Однажды утром этот человек обнаружил, что не может встать – или, точнее, что не хочет вставать. Жена позвала его, он не ответил, и она стала окликать его каждые десять секунд – слова "вставай, вставай!" лопались вокруг него; они взрывались, как бомбы, справа и слева: они сыпались сверху и вокруг, подскакивали с пола, свистели и качались, толкая друг друга. Потом слова пропали, и голос сказал ему только одно: "Ты опоздал!" Человек увидел эти слова облаком, висящим в пустоте под его веками, и смотрел на это облако, пока не заснул.

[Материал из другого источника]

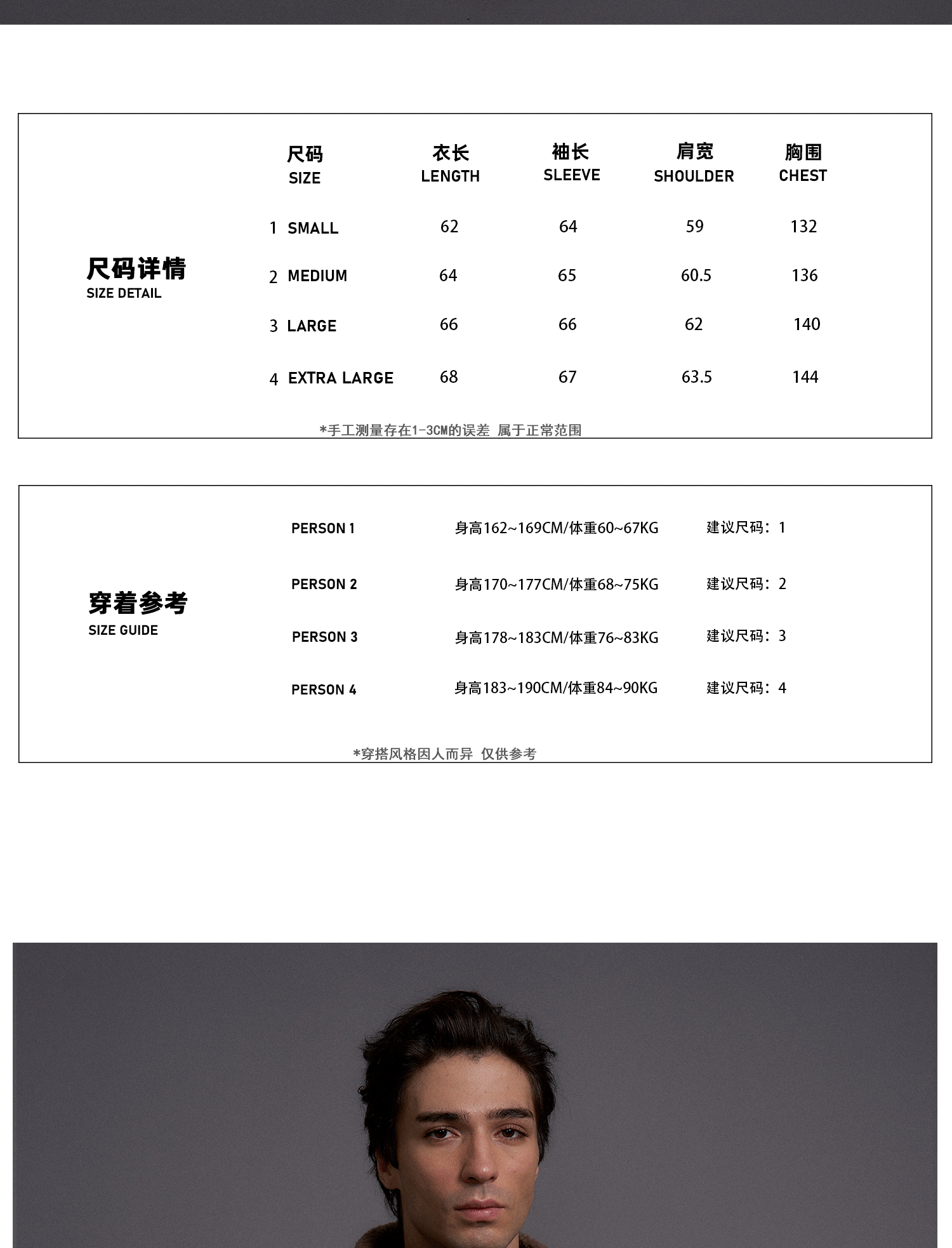 China (cm) 165 / 88-90 170 / 96-98 175 / 108-110 180 / 118-122 185 / 126-130

Голос на некоторое время умолк, а потом заговорил снова.

– Три недели тот человек не вставал с постели – он пребывал в каком-то оцепенении, и большие тени медленно двигались в его сне, и огромные слова постоянно гремели и стихали. Когда он снова начал отдавать себе отчет в том, что происходит вокруг, в доме все переменилось. Большая часть мебели, оплаченной с таким трудом, исчезла. Везде чего-то не хватало – стульев, зеркала, стола; куда ни глянь, везде чего-нибудь не хватало; а внизу было еще хуже – там исчезло все. Жена его продала всю мебель, чтобы оплатить врачей, заплатить за лекарства, еду и жилье. И сама она тоже переменилась: доброта сошла с ее лица; она стала тощей, черты лица огрубели и заострились, глаза погрустнели; но ее согревала мысль, что скоро ее муж вернется на работу.

На душе у человека кошки скребли, когда он шел на службу. Он не знал, что скажет его наниматель по поводу прогула. Наниматель может поставить ему его болезнь в вину – неизвестно, заплатит ли он ему за те недели, когда его не было? Встав перед дверью, человек испугался. Вдруг сама мысль о взгляде начальника стала ему ужасна: немигающий, холодный, стеклянный взгляд; но человек открыл дверь и вошел. Начальник сидел там с каким-то другим человеком, и наш человек попытался сказать "Доброе утро, сэр" спокойным и естественным голосом; но он знал, что этот незнакомец принят вместо него, и это знание встало между его мыслью и языком. Он услышал свой заикающийся лепет, почувствовал, как внутри все оборвалось и рухнуло. Его начальник что-то быстро говорил, а тот, другой, смотрел на него встревоженно, искоса и виновато: казалось, его глаза просят прощения за то, что он занял его место – и наш человек выговорил "До свиданья, сэр" и вышел наружу.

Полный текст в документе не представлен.